Take the line containing "Taksi şoförü ve" and every line below it through the end of the entries, and output them verbatim, pictures excluded.

Records from a collection

········

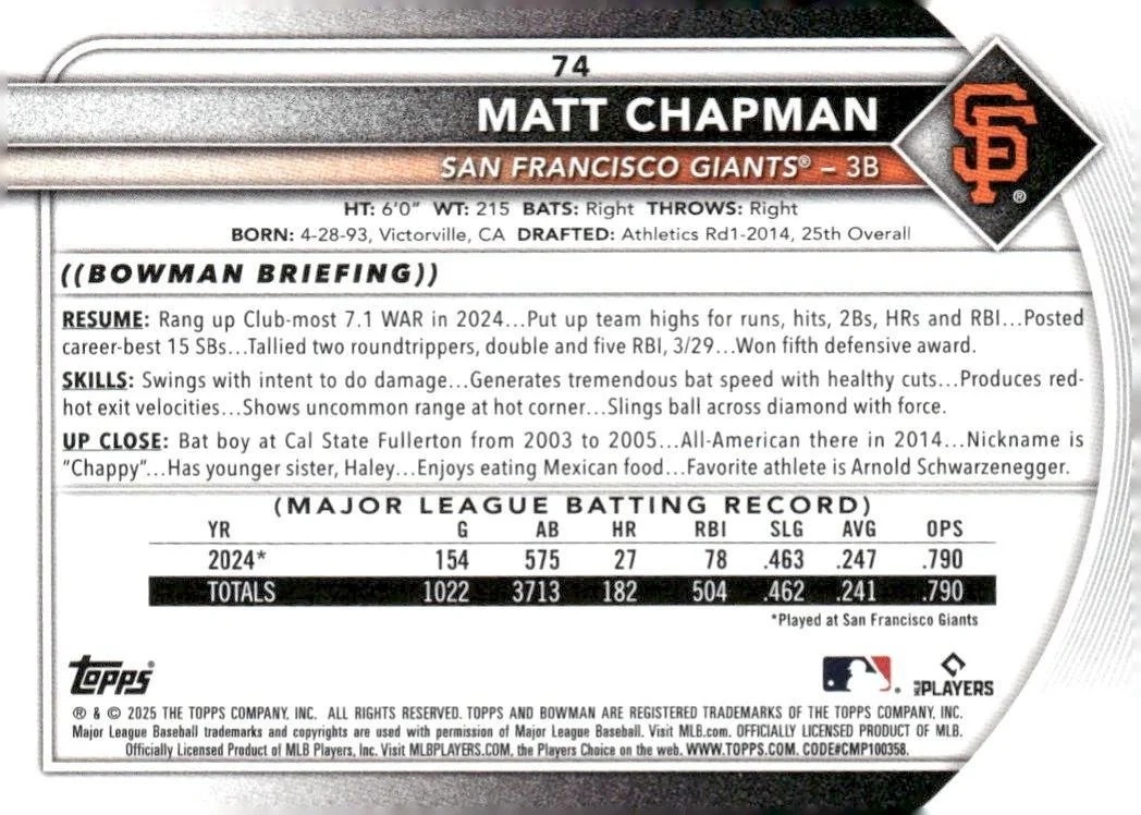 This is a nice example of a 2025 Bowman #74 Matt Chapman
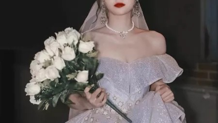 换装完毕后,乔屿念轻轻地带上头纱,等待着主持人cue流程.
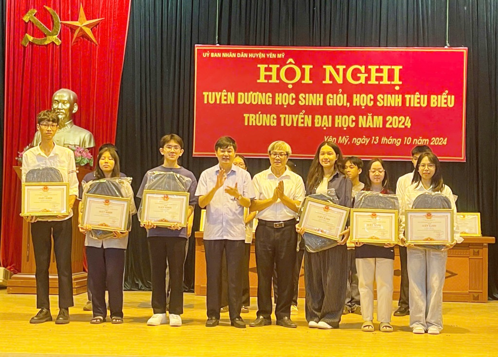 Tại hội nghị, huyện Yên Mỹ đã tuyên dương, khen thưởng các học sinh đạt giải trong các kỳ thi chọn học sinh giỏi cấp tỉnh, cấp huyện; học sinh tiêu biểu trúng tuyển đại học năm 2024.
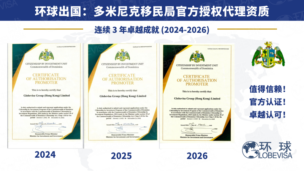 A:首先,项目本身有清晰法律依据,官方法律基础包括《多米尼克联邦宪法》第101条、《多米尼克公民法》第8节和第9节,以及《2024年多米尼克投资入籍条例》。其次,环球出国是国内唯一一家连续三年持有多米尼克官方授权代理资质的机构(2024年-2026年),这使得其在流程衔接、合规递交和政策理解上具备明显优势。
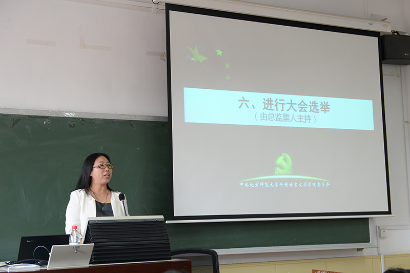 会上,刘娟老师向与会人员说明了大会的主要任务,宣读了代表选举办法,说明了代表候选人预备人选酝酿、提名的经过,介绍了总监票人、监票人、计票人。与会人员一致通过了代表选举办法、代表候选人名单、总监票人和监票人名单。在大会选举环节,学院公外教学部樊英波老师作为总监票人主持会议,有序组织工作人员发放、回收和统计了选票。
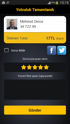 Taksi şoförü ve yolculuğunuz hakkında yorum yapabilirsiniz.
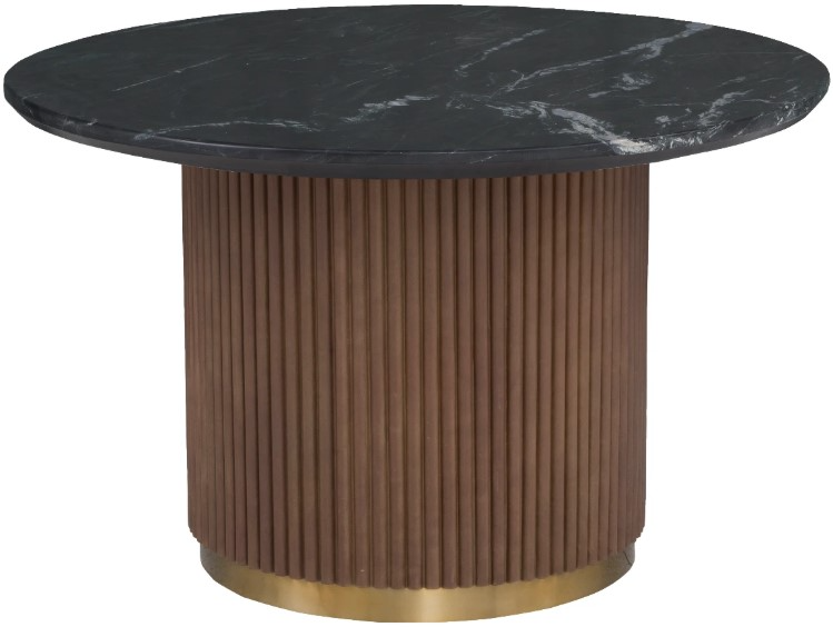 The Dimitri Round Dining Table is a striking piece with a contemporary design. It features a stunning black marble top with white veining, contrasted by a fluted, cylindrical wood base with a brass-finished bottom ring. This table makes a bold, luxurious statement.Read More
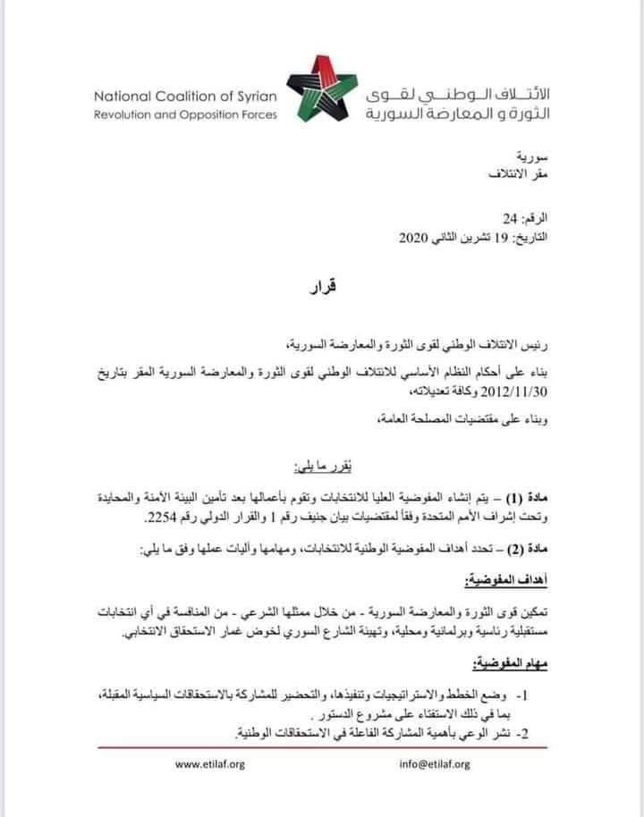 القرار (الإشكالي) الصادر أمس الخميس تحت رقم (24)، غير منشور على معرفات الائتلاف على وسائل التواصل الاجتماعي وموقعه الرسمي أو منشور قبل أن يُحذف.
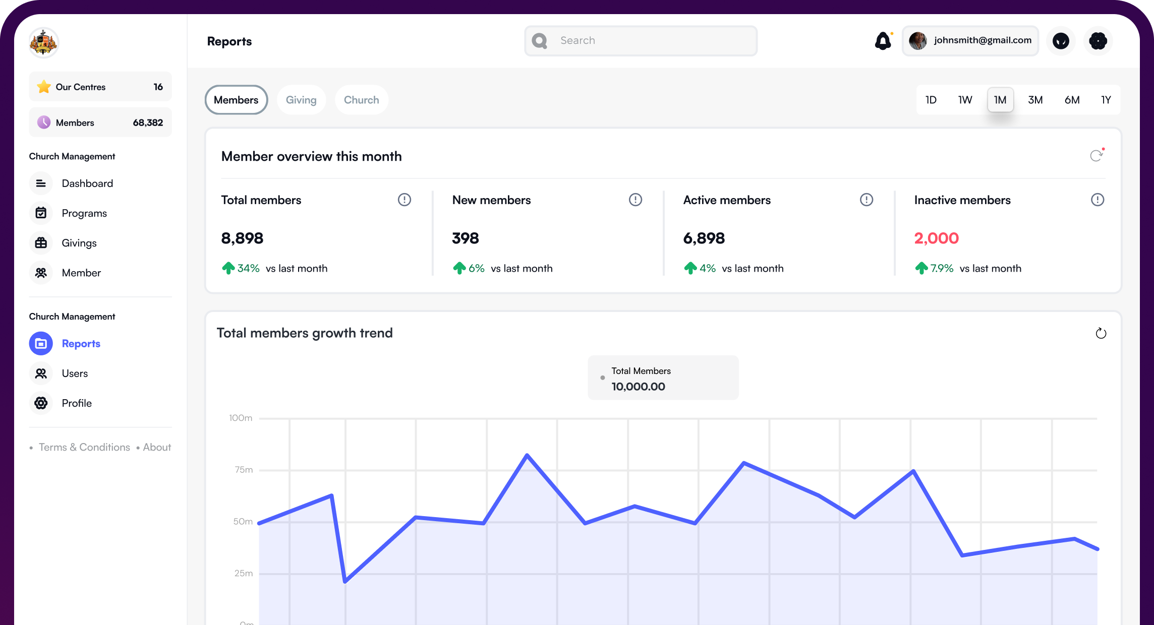 Gain insights into your data to help you understand and grow your church. Leaders can monitor the health of their ministry by combining giving and engagement data into a single view.

········

→ WRITTEN RESPONSE:
 Taksi şoförü ve yolculuğunuz hakkında yorum yapabilirsiniz.
 The Dimitri Round Dining Table is a striking piece with a contemporary design. It features a stunning black marble top with white veining, contrasted by a fluted, cylindrical wood base with a brass-finished bottom ring. This table makes a bold, luxurious statement.Read More
 القرار (الإشكالي) الصادر أمس الخميس تحت رقم (24)، غير منشور على معرفات الائتلاف على وسائل التواصل الاجتماعي وموقعه الرسمي أو منشور قبل أن يُحذف.
 Gain insights into your data to help you understand and grow your church. Leaders can monitor the health of their ministry by combining giving and engagement data into a single view.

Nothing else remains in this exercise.